THE TASK:
As the answer, give exactly the lines of the records below from the one with "BOÎTE en loupe" through the one with "秋叶原HS0005 VGA视频线3+6电脑主机显示器连接线高清线笔记本投影仪纯铜镀金带编织家装布线 可预埋多种长度", ends included and pictures left out.

AVAILABLE RECORDS:
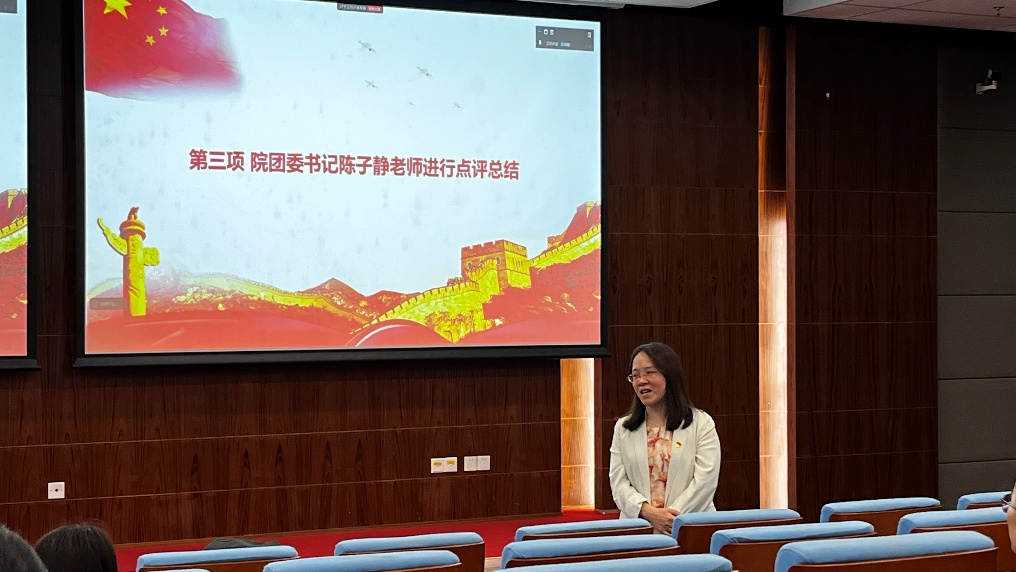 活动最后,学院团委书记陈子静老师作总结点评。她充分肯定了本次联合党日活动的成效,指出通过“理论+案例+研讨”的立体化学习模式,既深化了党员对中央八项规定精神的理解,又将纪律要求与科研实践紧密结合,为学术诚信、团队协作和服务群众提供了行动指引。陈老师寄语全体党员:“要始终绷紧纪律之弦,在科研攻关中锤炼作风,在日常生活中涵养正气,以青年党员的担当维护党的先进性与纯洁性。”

==

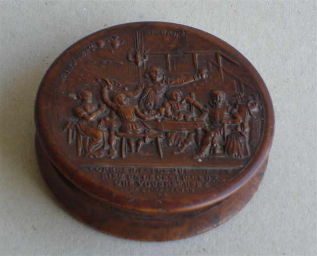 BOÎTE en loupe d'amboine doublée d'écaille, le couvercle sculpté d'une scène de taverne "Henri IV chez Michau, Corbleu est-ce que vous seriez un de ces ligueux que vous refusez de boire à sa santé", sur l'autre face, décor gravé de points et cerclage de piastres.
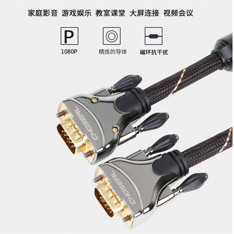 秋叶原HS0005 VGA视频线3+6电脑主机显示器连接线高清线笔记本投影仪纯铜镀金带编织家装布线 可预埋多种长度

RESULT OF THIS TASK:
 BOÎTE en loupe d'amboine doublée d'écaille, le couvercle sculpté d'une scène de taverne "Henri IV chez Michau, Corbleu est-ce que vous seriez un de ces ligueux que vous refusez de boire à sa santé", sur l'autre face, décor gravé de points et cerclage de piastres.
 秋叶原HS0005 VGA视频线3+6电脑主机显示器连接线高清线笔记本投影仪纯铜镀金带编织家装布线 可预埋多种长度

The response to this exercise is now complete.